Initially I didn’t actually know that much about the RNLI. I’d heard about them but not really any specifics. I ended up going to an event run by Portsmouth Lifeboat Station and started hearing more about what they’ve done and how they did things and what they gave back to the community In Portsmouth. Upon listening to it I was thinking, “you know what this is absolutely amazing why aren’t I doing something like that?” So, just feeling inspired by what they were saying, that’s what led me to join up.
The RNLI has a long and proud history of saving lives at sea. How much is that heritage taught as part of the culture, and does it inspire you to do what you do?
Yeah, I think it does. The Portsmouth lifeboat has a long history, basically back to the early 1900’s. I mean, it swapped location in between but its very much still with us. We’ve just had a new D-Class on station; it’s named after one the helms who was awarded the bronze gallantry medal, so it’s very much still with us there at the moment.
To many, you’re considered Heroes. There’s even a bit of a superhero comparison with how the pager goes off and you have to run out and get changed into gear in a flash. But how do you personally view the volunteering work you do?
It’s very hard… A lot of people ask, or call you heroes and stuff like that.

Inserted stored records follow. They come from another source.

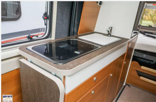
gérard Caravaning 08803 / 63 64-0 info@wohnen-gerard.de KNAUS WEINSBERG INTER CARAVANNING RENT-2-TRAVEL FENDT CARAVAN
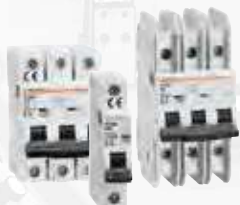
Leitungs-, FI-, FI-/LS-Schutzschalter
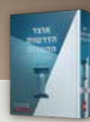
אוצר הדרשות הקצרות (2 כרכים)
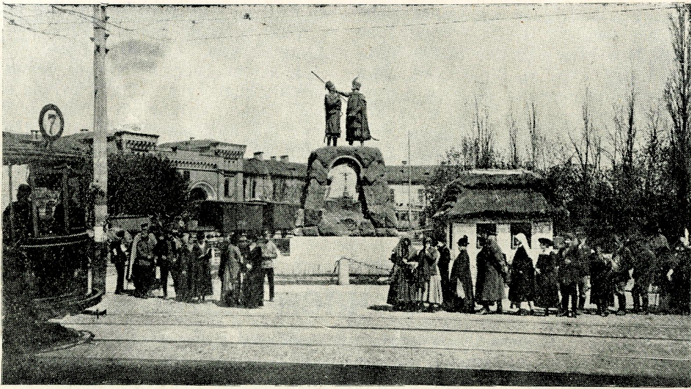
Вид на арсенал у Київї на Печерську від пам'ятника Іскри та Кочубея.

рятувала положення в боях. Вона між іншим брала Чорний Острів від червоних у 1919 р.
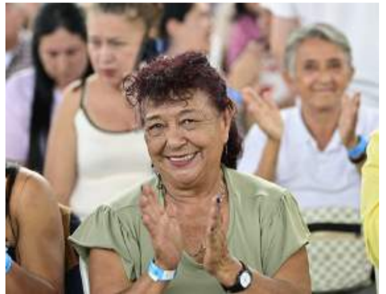
Del total de beneficiarios programados para este primer ciclo del 2025, 491.577 tienen más de 80 años.

Prosperidad Social invita a los beneficiarios a actualizar sus datos de contacto. Se pueden comunicar a las líneas de atención gratuita en Bogotá: 6013794840; desde el resto del país, al 01 8000 95 1100; o a través de los enlaces del programa en las alcaldías municipales.
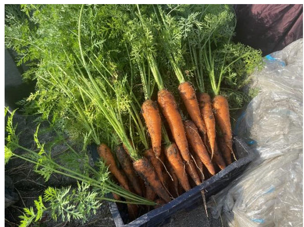
有機栽培にこだわった人参
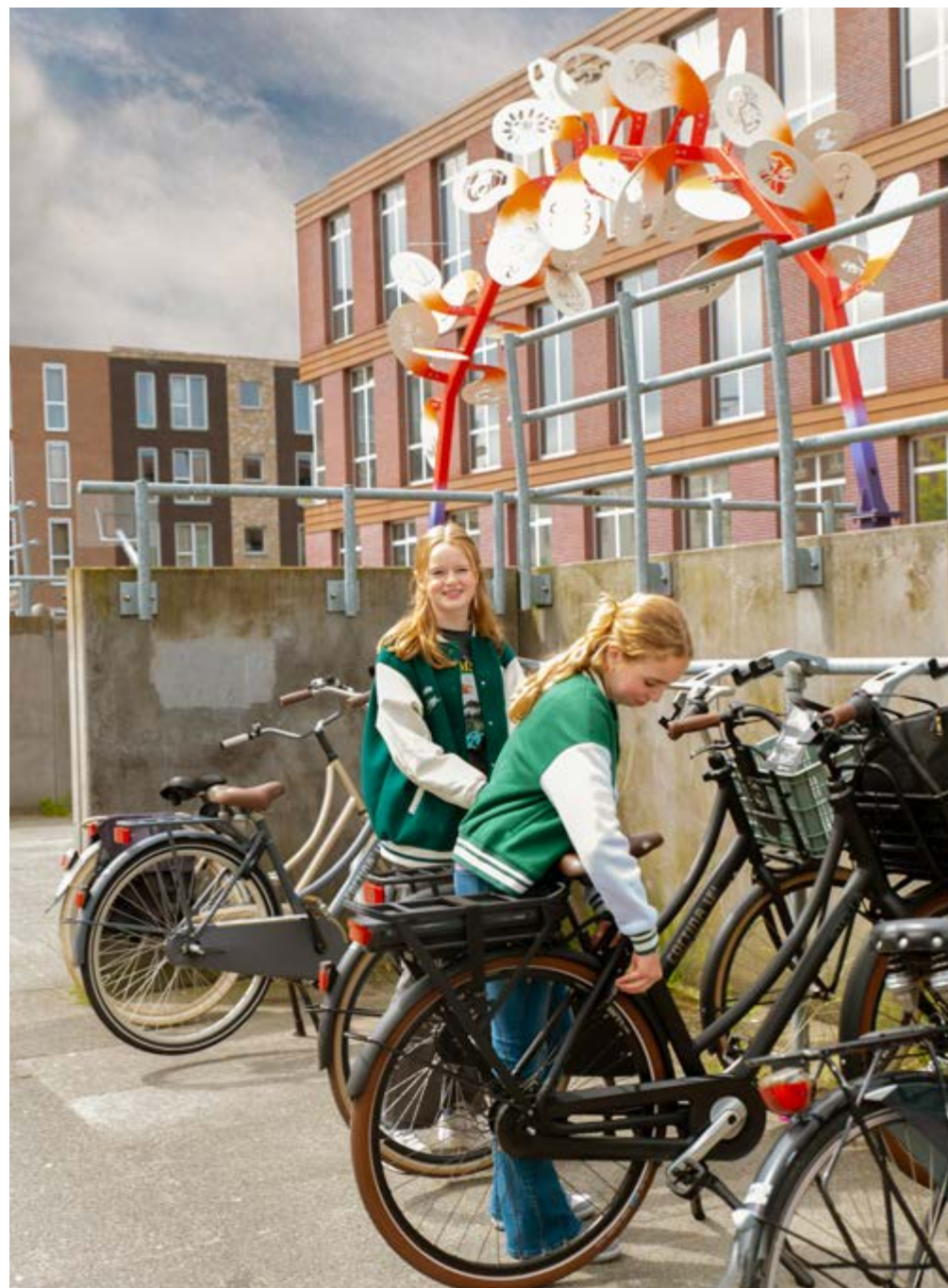
Leidend Principe 3: Op Arte heerst een positief en veilig leerklimaat
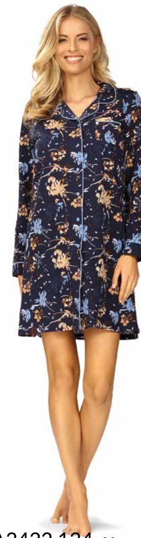
A2422.124 90 cm
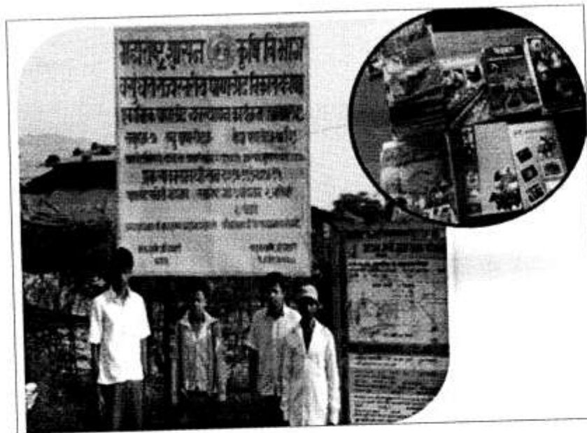
Pashane Village Board and EPA Activity

Population of the village is about 1596. Main community of village is Kunbi. Majority of people are going to nearby city Mumbai for employment. IWMP project was started in village in 2010-11 by PIA, TAO, Karjat. Pashane watershed committee is having treatment area of 436.27 ha with cost 65.44 lakh.
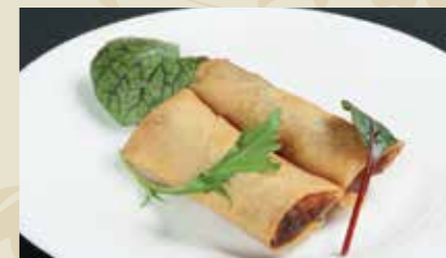
4 春巻 2本
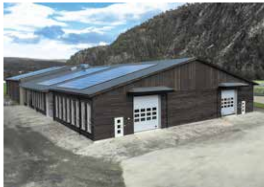
TRØNDELAG: Et nytt trebygg med solceller på både nye og gamle tak. Kvatningen er blitt et av Trøndelags viktigste anlegg for utvikling av biomasseproduksjon og bioøkonomi.
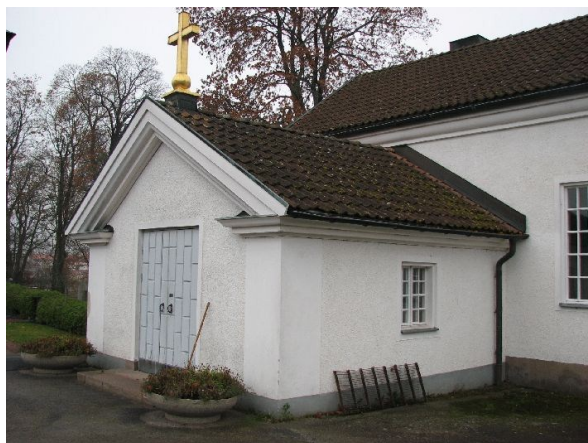
Vapenhuset utgörs av ett äldre bårhus som fanns på platsen och som integrerades med kapellet då det uppfördes 1954.
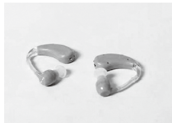
補聴器で難聴者が普通に暮らせる町を

保健センター長 難聴が発生の要因に含まれている。補聴器が必要かも含めて相談してほしい。
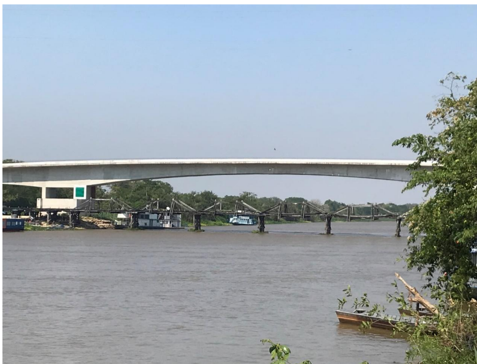
Figura 3 - Ponte sobre o rio Miranda
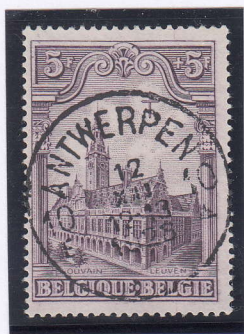
Antwerpen 10 12.12.1928

Door de hoge waarde van de postzegel en de korte gebruiksperiode is het gebruik ervan eerder beperkt. Het briefport voor een standaardbrief naar het buitenland bedroeg 1,75 Fr tot het einde van WO II.
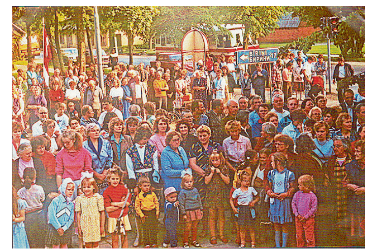
Karoga pacelšana virs aptiekas ēkas Ainažu ielā 10 pulcēja visu paaudžu saulkraściešus.

To me, I don’t personally feel like a hero, but looking around at the crew I do think they’re heroes and I really aspire to be like them and those that came before them. But personally, I see myself like everyone else that’s willing to do their part to help.
The sea conditions you’re going out in are not for the faint hearted, even with the extensive training and equipment provided. Do you remember a time when you were particularly scared or daunted during a rescue?
It’ll always be your first. So, I remember my first shout was to a capsized Catamaran and the weather was particularly snotty! If you were to see the boat from shore you’d see the boat, then you wouldn’t. Then you’d see it… then you won’t again. So it’s always things like that, because as you go through you get more used to going out and seeing what you see. I mean, every day is different, but you know more what to expect and what’s going to happen at the other end. The first time I was on a shout I went to a sinking sailing yacht and to be up close to see something like that happen, and how quickly it can unfold, it did get me a bit unnerved!
When we’re getting kitted up, we normally get briefed by the helms about what the shout is. You could have two tow jobs, and it would never be the same, but at least you know what you’re going into. But when its your first one, you’ve got no idea have you? You can only go off what you’ve trained for.
Through your TikTok following you reach thousands of people. Do you feel a responsibility to share water safety information with that, or is it more about the kit and technical side of things?
Oh, absolutely! At first it started off with just showing people what we do, what we’re about. I was showing the training side and stuff, and more and more people were engaging back. So I thought, well actually, there’s a greater message that the RNLI wants to put out, and if I’m getting all this attention, it ultimately helps us out. Because, at the end of the day, the less shouts the better! So if we can go out and use it to educate the public, that’s fantastic.
I was working down at Victorious over the weekend on a fundraising stall and I actually met a couple of fans who love the TikTok page. And I asked each one, did you learn anything off the page? And they knew all the safety information which was just brilliant.
Can you sum up your work with the RNLI in one word?
In one word!? I’d say commitment.
I use that very loosely, you know; committing to the crew, committing to the job, committing to put down whatever you’re doing to answer the pager. And, at the end of the day, and most importantly I suppose, committing to that person that you’re going out to help.